- Apprentice Lawyer
Judiciary must not waste precious time on contempt hearings which can otherwise be utilised for hearing important questions of law, Justice SS Shinde of Bombay High Court remarked on Tuesday adding that courts and judges must be open to criticism from public.
Contempt of court powers, he said, should be used only as a last resort and weapon and should not be used against a layperson criticising courts or judges.
The remarks were made in the context of arguments advanced by advocate Dr. Abhinav Chandrachud on freedom of speech and expression.
The Bench which also comprised Justice MS Karnik was hearing a plea by Sunaina Holey, accused of passing objectionable comments against Maharashtra Chief Minister Uddhav Thackeray and Cabinet Minister Aaditya Thackeray.
Dr. Chandrachud, representing Holey, was arguing on the importance of freedom of speech to express opinions against government officials, when the Bench opined that that individuals occupying positions of power must learn to tolerate criticism.
Extending the same yardstick to the judiciary, Justice Shinde said that courts should also learn to take critical opinions and statements against it.
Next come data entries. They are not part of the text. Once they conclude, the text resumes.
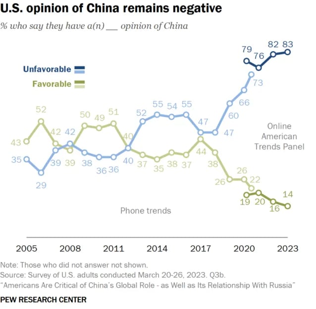 The proportion sharing this sentiment has steadily increased from 35 per cent in 2005. That year, more Americans (43 per cent) actually viewed China favourably, but this share has since dipped to 14 per cent.
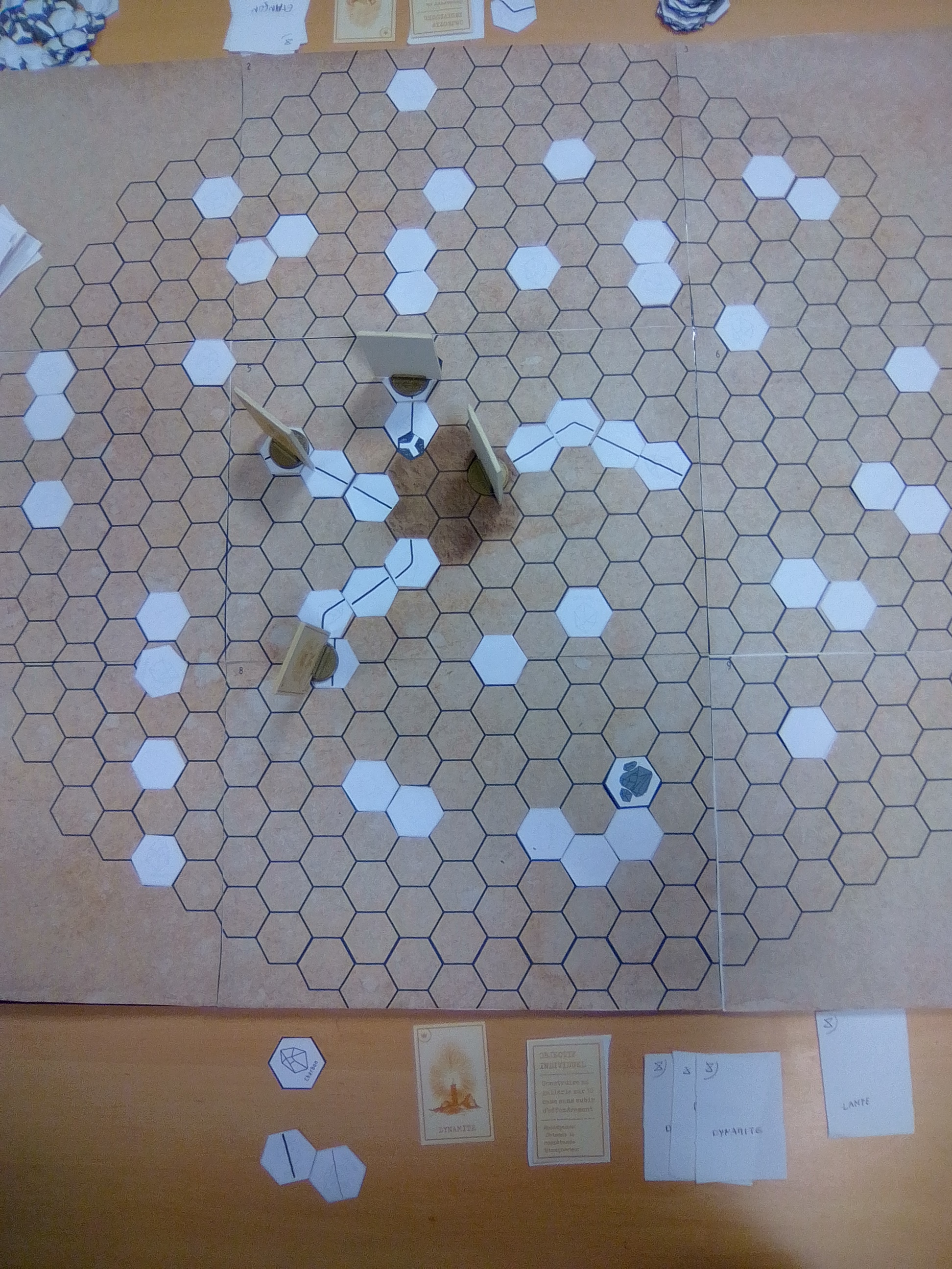 A chaque fin d'un tour complet, un nouvel élément de roche est mis en place par les joueurs de manière aléatoire sur l'ensemble du plateau de jeu. Cela joue comme un compte à rebours, pour pousser les joueurs à accomplir les différents buts le plus vite possible.
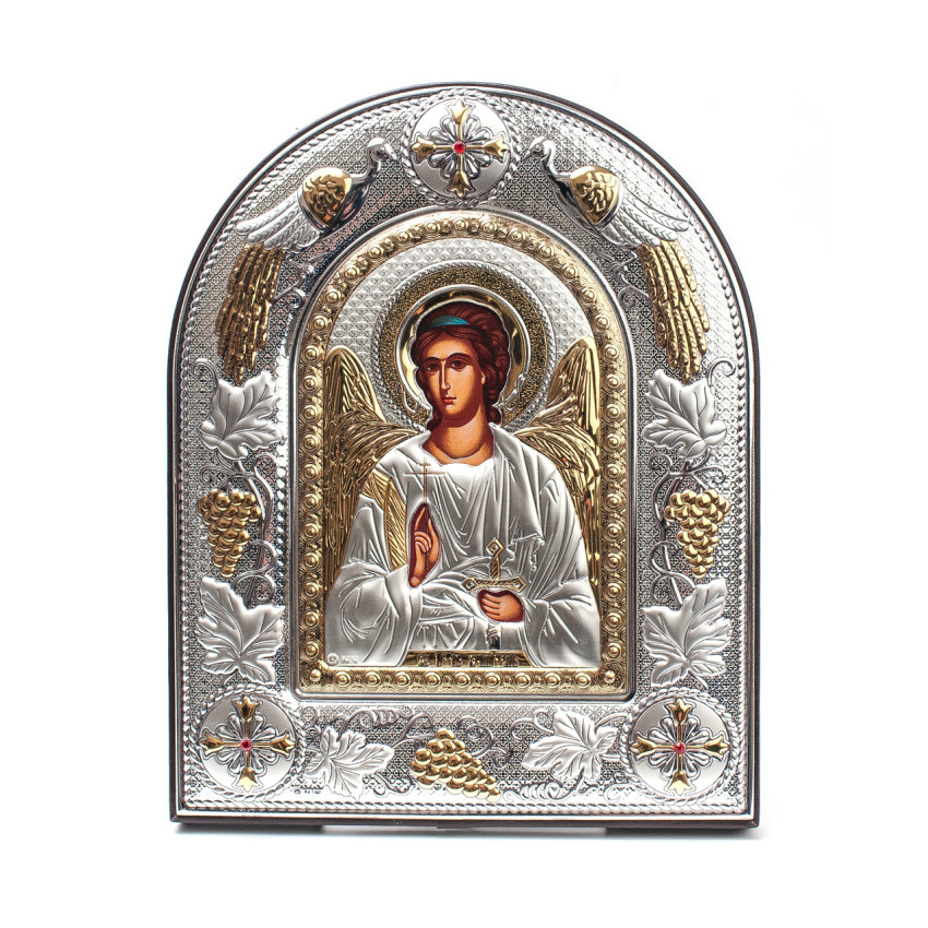Серебряная Икона Святой Ангел Хранитель арочной формы на дереве

He pointed out how the parliament has exclusive power to impeach a judge should they want to take an action against the judge.
However, if someone from the society makes a comment criticising a judge, then such criticism should be allowed, he added.
Chandrachud chimed in that people against whom action is taken get more attention than they would get otherwise. He gave an example of action being initiated against a comedian for statements which would have otherwise gone unnoticed, a veiled reference to stand up comedian Kunal Kamra against whom contempt of court is pending before Supreme Court.
On the facts of the case, it was Chandrachud's argument that an opinion of an individual can be interpreted differently by different people.
He submitted that Holey was just trying to express her opinion using an "abusive epithet" which was merely an expression of emotion and not something objectionable.
He quoted from a United States Supreme Court judgment - "one man's vulgarity is another's lyric" to submit that what may seem objectionable to one person may not appear so to another.
Chandrachud also submitted that there was an element of malafide in the actions of the Mumbai police since they were targeting Holey who had certain ideologies and beliefs.
The Court however pointed out that "even in mature democracies, the freedom (freedom of speech) was not absolute".
"I have a fundamental right to exercise, however while exercising that right, I must ensure that my brother's right is not infringed. This is not happening in many cases. And then they come under Article 19 (of Constitution of India)," Justice Shinde remarked.
The case will be taken up next on December 17.